No ARIA role — screen readers announce it as nothing, or skip it

Enter / Space do nothing — no native activation semantics

Playwright's getByRole('button', { name: 'Cart' }) will now fail to find it

It still looks like a button visually (CSS applied via .broken-cart-btn), so visual testers and manual mouse testers would likely miss this regression entirely

That single response is the gap made visible.

The Distinction That Matters

There is a line worth drawing clearly here, because this is not an argument for replacing your Playwright suite with an AI that browses your app.

A script runner validates behaviour under controlled synthetic conditions. Given this input, does this output occur. It is deterministic, fast and essential. You should not ship without it.

What Claude adds through Playwright MCP is a different layer entirely. It validates the semantic correctness of your DOM as a real user would experience it. Not whether a click produces a result, but whether the element being clicked is the right kind of thing to be clicking in the first place. Not whether the form submits, but whether a keyboard user could have reached the submit button at all.
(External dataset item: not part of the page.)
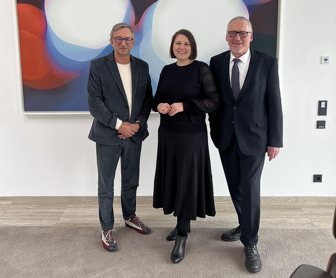 „Als subakademische berufliche Bildungseinrichtung kämpfen wir aber auch mit Thematiken, die nur die Politik in Berlin letztlich lösen kann und muss. Dabei darf der Fortbestand des bewährten Systems der beruflichen Aufstiegsqualifizierung zum Meister, Fachwirt oder Techniker nicht durch radikale Entscheidungen zunichtegemacht werden“, betonten Vorstand Stephan Koller und Geschäftsbereichsleiter Thomas Skowronek im Gespräch mit der Bundestagsabgeordneten.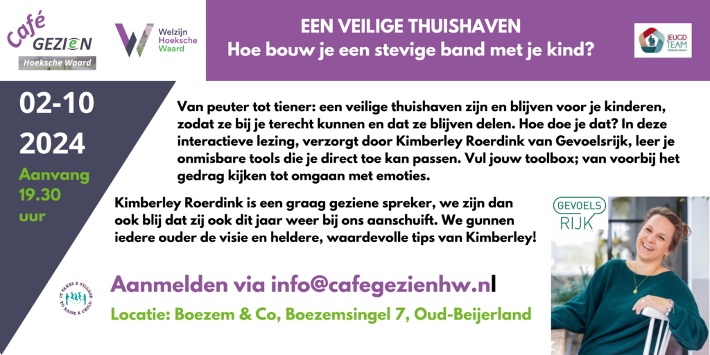 Van peuter tot tiener: een veilige thuishaven zijn en blijven voor je kinderen, zodat ze bij je terecht kunnen en dat ze blijven delen. Hoe doe je dat? In deze interactieve lezing, door Kimberley Roerdink van Gevoelsrijk, leer je onmisbare tools die je direct kunt toepassen. Vul jouw toolbox; van voorbij het gedrag kijken tot omgaan met emoties.

One tells you your app works. The other tells you your app is correct. Those are not the same thing, and for too long we have been treating them as if they were.

What To Do About It

The practical takeaway here is not to rewrite your test strategy. It is to add a second pass for a specific class of change.

Run your Playwright suite in CI as you normally would. But on any pull request that touches component markup, whether that is a styling refactor, a design system migration or a framework upgrade, add a Claude MCP semantic audit as a follow up step. Point it at the affected components and ask it to check tag types, ARIA roles, focusability and keyboard behaviour.

A prompt as simple as this is enough to get started:

Navigate to [your page]. For every interactive element, check that it is the correct tag type, is reachable by keyboard, and has the appropriate ARIA role. Flag anything that looks semantically incorrect.

You are not replacing coverage. You are covering the part of your UI that scripts have always been blind to.

The Honest Caveat

This workflow is not magic and it is worth being upfront about that.

Claude's output is only as good as the prompt you give it. Vague instructions produce vague results. You will get the most value when you scope the audit tightly to a specific component or user flow rather than pointing it at an entire application and hoping for the best.

It also adds a step to your process. On a fast moving team with short sprint cycles, that friction is real and worth acknowledging. The ROI is highest on components that carry significant user interaction weight, think checkout flows, form submissions, navigation and modals, rather than static content pages where semantic correctness matters less.

And Claude can be wrong. It reasons about the DOM but it is not infallible. Treat its output the same way you would treat feedback from a code review. Informed, useful and worth acting on, but not a rubber stamp.

Used with those expectations in mind, it fills a gap that nothing else in your toolchain currently covers.